# Pages Viewed by Session Duration

> Longer sessions, more pages? Check.

Canonical URL: <https://datadriven.io/problems/pages_viewed_by_session_duration>

Domain: SQL · Difficulty: medium · Seniority: L3

## Problem

Sessions are bucketed by their duration. For each bucket, show the number of sessions and the average pages viewed, ranked from highest average pages down.

## Worked solution and explanation

### Why this problem exists in real interviews

Extracting insights from user_sessions.session_start grouped by session_duration_sec via grouping and averaging is the central task.
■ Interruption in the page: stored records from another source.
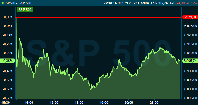 Vid börsstängning var breda S&P 500 ned 0,4 procent till 6.905, och räknat från Stockholmsbörsens stängning hade indexet stigit med 0,1 procent. Dow Jones industriindex föll med 0,5 procent till 48.461, medan det tekniktunga Nasdaq Composite försvagades med 0,5 procent till 23.474.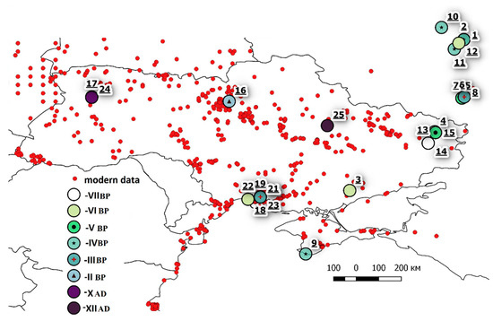 At the same time, the amount of all the animal bones that were examined consisted of more than 80,000 units, among which 1623 turtles’ bones were found. The bones and fragments of carapaces were revealed in osteological materials and studied by the archeozoologist Ye. Yanish. Additionally, the literature data [4,5,6,7,20] was used for the analysis, for which a database was created with 437 record of Holocene turtles. For comparison and GIS-analysis, the extant turtles (2847) were used: GBIF [21], Ukraine (original data of Nekrasova O.), Baltic countries (Latvia, original data of Pupins M. [5,15,16,17,18,19]); Belarus [8,22,23], Russia, and Kazakhstan [24,25,26,27,28].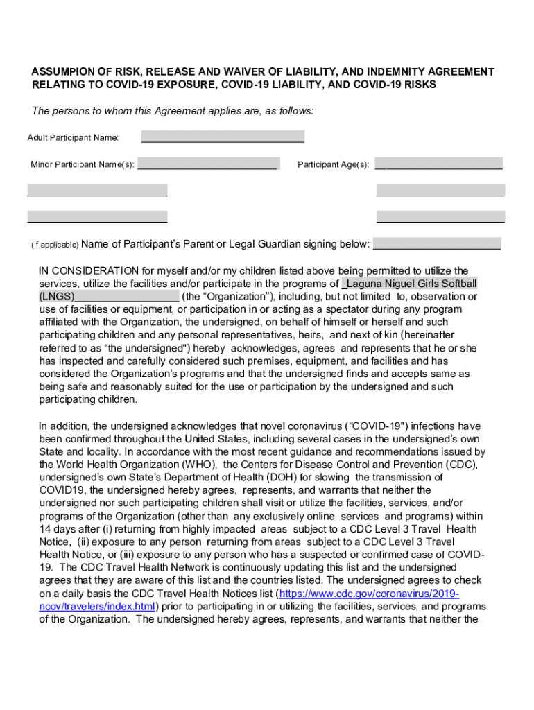 ASSUMPTION OF RISK, RELEASE AND WAIVER OF LIABILITY, AND INDEMNITY AGREEMENT RELATING TO COVID-19 EXPOSURE, COVID-19 LIABILITY, AND COVID-19 RISKS The persons to whom this Agreement applies are, as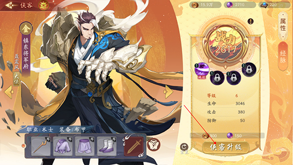 - 在详细信息页面,点击上方的“侠客升级”按钮即可。
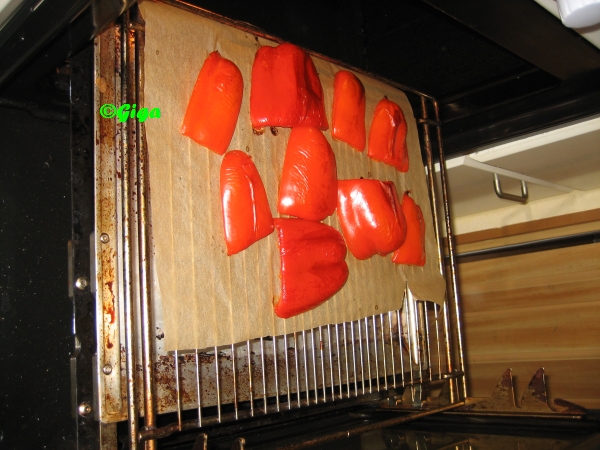 Paprika waschen, halbieren und bei 180 Grad fuer ca. 30 Minuten in den Ofen geben (bis die Haut Blasen wirft).
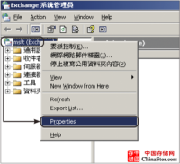 先開啟「Exchange系統管理員」介面,然後如圖6所示針對最上層的項目節點按一下滑鼠右鍵,然後點選快速選單中的【Properties】。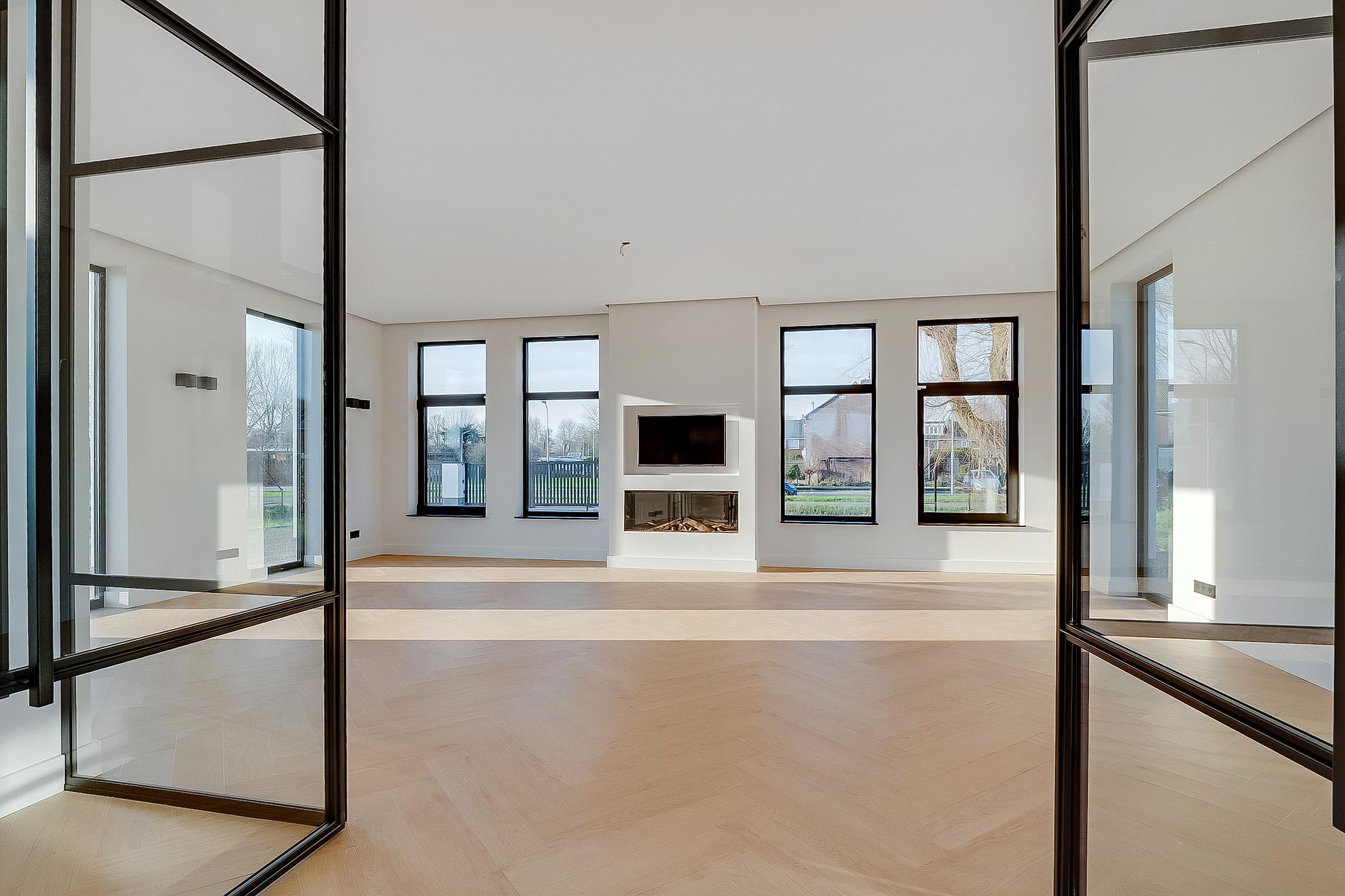 Aan de voorzijde de ruime lichte living met elektrische haard en rondom ramen. Vanuit de woonkamer heerlijk uitzicht op de tuin. Door het grote formaat woonkamer is inrichting op diverse manieren mogelijk.

It is used in mid-level screens to test whether you pick the right aggregation function and partition boundary on the first attempt.

---

### Break down the requirements

#### Step 1: Define duration buckets

Use `CASE WHEN session_duration_sec < 60 THEN 'under_1min' WHEN session_duration_sec < 300 THEN '1_to_5min' ... END` to create meaningful buckets.

#### Step 2: Group by bucket and aggregate

`GROUP BY bucket` with `COUNT(*)` for session count and `AVG(pages_viewed)` for average pages.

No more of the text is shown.